Les pièces produites aux débats (notamment le rapport d’expertise du 7 août 2023) rendent vraisemblables les désordres allégués par les demandeurs, tels que la présence de traces blanchâtres éparses en surface du revêtement sur la terrasse attenance à la façade nord-est de la maison, sur les plages de piscine, sur les trottoirs attenants à la façade sud-ouest de la maison, la présence de traces de coulure et altération de la peinture résineuse de finition sur la retombée en extrêmité de terrasse attenante à la façade nord-est de la maison et sur les parties latérales de l’escalier reliant cette terrasse aux plages de piscine et une finition non-homogène des ouvrages en béton imprimé.
Au sein de son analyse technique, l’expert affirme que ces désordres trouvent leur origine dans les défauts de mise en oeuvre des produits de finition, tant sur les revêtements de sol que sur les parties latérales des ouvrages. Selon l’expert, une insuffisance de couches de peinture résineuse de finition sur les parties latérales des ouvrages explique également les défauts de finition observés.
L’expert conclut que le désordre, sans caractère de gravité, lié à la mise en oeuvre des produits de finition des ouvrages en béton imprimé par l’entreprise, n’est pas de nature à compromettre la solidité de l’ouvrage ni à la rendre impropre à sa destination. La responsabilité décennale de l’entrepreneur ne peut pas être engagée.
Un protocole d’accord a été signé entre les parties le 31 juillet 2023 dans lequel la S.A.S.U ARTEBETON s’est engagé à reprendre les finitions de l’ensemble des supports concernés.
Les demandeurs affirment que le protocole d’accord n’a pas été exécuté en totalité par la S.A.S.U ARTEBETON et que sur les ouvrages ayant été repris, des désordres sont apparus.
Toutefois, en l’état, il n’existe pas de motif légitime à établir la preuve des faits dont pourrait dépendre la solution d’un litige car le demandeur dispose d’ores et déjà d’un élément probatoire établissant la réalité desdits désordres et ne justifie pas expressément de nouveaux. Par conséquent, la demande de référé expertise ne se justifie pas.

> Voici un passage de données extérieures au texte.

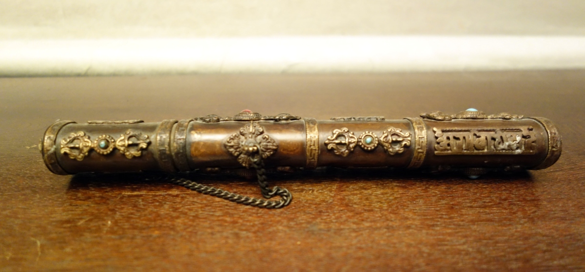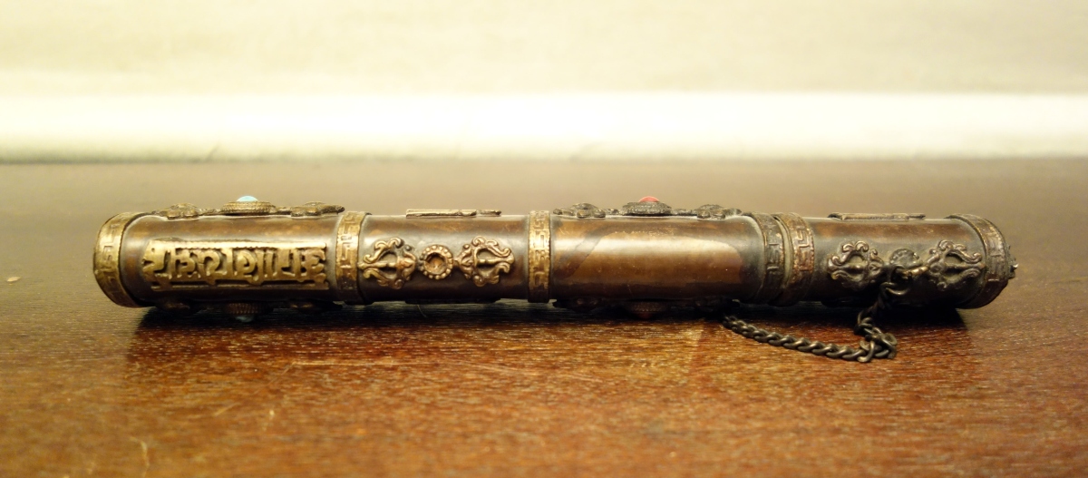 TIBET? ÉTUI en bronze, cuivre et rehauts de pierres dures.

Les dépens seront à la charge des demandeurs, Monsieur [W] [L] et Madame [G] [T] épouse [L].
PAR CES MOTIFS
Nous, Carole Louis, vice-présidente du Tribunal judiciaire de Toulouse, statuant en référé, par ordonnance réputée contradictoire, publiquement, par mise à disposition au greffe, en premier ressort et par décision exécutoire par provision,
Vu l’article 145 du code de procédure civile,
Vu les articles 263 et suivants du code de procédure civile,
Au principal, renvoyons les parties à se pourvoir comme ils en aviseront,
Mais, sans délai,
Tous droits et moyens étant réservés sur le fond,
Rejetant toutes autres conclusions contraires ou plus amples,
Disons n’y avoir lieu à référé expertise,
Condamnons les demandeurs au paiement des entiers dépens,
La minute a été signée par le président et le greffier aux jour, mois et an énoncés en en-tête.